AW: Dark vs. Horror
Genre ist keine intrinsische Eigenschaften eines Textes, sondern eine rein von außen herangetragene Kategorie.
Das Genre erfunden haben übrigens die amerikanischen Filmverleiher in den 20ern, damit sich die Filme besser vermarkten lassen - dabei war ihnen der Inhalt des Films eigentlich eher schnuppe, es ging und geht allein um die Vermarktbarkeit.
In dieser Hinsicht unterscheidet sich der "Dark- (oder der Punk-)Zusatz" auch in keinerweise vom "Horror" - beides sind von außen draufgepappte Label, die im Idealfall etwas mit dem Inhalt zu tun haben.
Wenn man die Genres nun nicht von der reinen Vermarktungsseite her betrachtet, sondern sie tatsächlich als leitenden Faktor für den Rezipienten begreift (sprich inhaltliche Gesichtspunkte versucht zugrunde zu legen), dann stößt man recht zügig auf Grenzen - als von Außen herangetragene Labels können Genre-Bezeichnungen nur schwerlich einen Universalanspruch erheben.
Ergo haben erstmal alle, die versuchen hier "Horror" und "Dark-" voneinander abzugrenzen recht, denn sie versuchen ihren "Prototypen" des entsprechenden Genres darzustellen.
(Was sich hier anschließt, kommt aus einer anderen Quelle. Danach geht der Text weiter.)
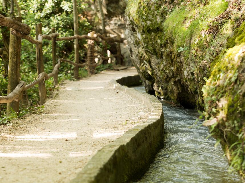 Twelve kilometers long, the Marlinger Waalweg trail is a popular hiking trail which runs along the former irrigation channels, the longest of its kind in South Tyrol. Starting at the Töllbrücke bridge, the 250 year-old path gently ascends through apple orchards and woods to firmer and more level ground. After pausing to admire the medieval Lebenberg Castle, hikers continue slightly downhill along the slope of Marling mountain to the village of Lana.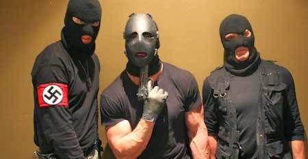 “Hate Crime” tells the story of a Jewish family, having just arrived in a new neighbourhood, who are recording their youngest son’s birthday celebrations on video when their home is suddenly invaded by a bunch of crystal-meth-crazed neo-Nazi lunatics.

Während hingegen alle Leute, die sagen "Gibt's gar nicht" oder "ist kein Genre" sich mit "Thema verfehlt, setzen, sechs" zufrieden geben müssen, denn diese Bezeichnungen werden benutzt, ob ihnen das nun gefällt oder nicht.
Noch komplizierter wird das Thema Genre aber in der viel beschriehenen Postmoderne - gibt es doch kaum noch "klare Vertreter" von Genres (sprich widersetzen sich viele Dinge den aufgestellten preskriptiven Regeln der Kategorisierung) - und wenn es sie gibt, dann sind diese Kategorie meist sehr weit gefaßt, so daß man fast schon zwangsläufig auf Mischkategorien wie "Horror-Komödie", "Action-Spektakel", etc. zurückgreifen muß.
Um kurz auch zu meinen Prototypen des Genres zu kommen (ich will mich schließlich nicht mit einer 6 setzen ^^):
Bei Horror greifen meiner Meinung nach recht gut die zwei Weltentheorien von Jurij Lotman, nach der argumentiert man, daß beim Horror etwas Irreales in die scheinbar reale Welt der Fiktion eindringt.
Bei Dark- hingegen wird eine negative Tendenz der Welt angedeutet.
Um das etwas klarer zu machen: Während bei der typischen Fantasywelt, die Ausgangslage der Welt "im Gleichgewicht ist", wird dieses Gleichgewicht durch einen Faktor in der Welt gestört, der/die Held(innen) müssen nun den Ausgangszustand und damit das Gleichgewicht wiederherstellen.
Eine Welt mit dem "Dark-"Zusatz hingegen hat diesen gleichgewichtigen Urzustand nicht, sie befindet sich auf einer Abwärtsspirale (sei es in moralischer, ökologischer, ökonomischer und/oder politischer Hinsicht). Der/die Protagonist(innen) wehrt sich gegen diesen Zustand, sein Kampf wird aber weder zwingend erfolgreich sein, noch zwingend irgendetwas verändern.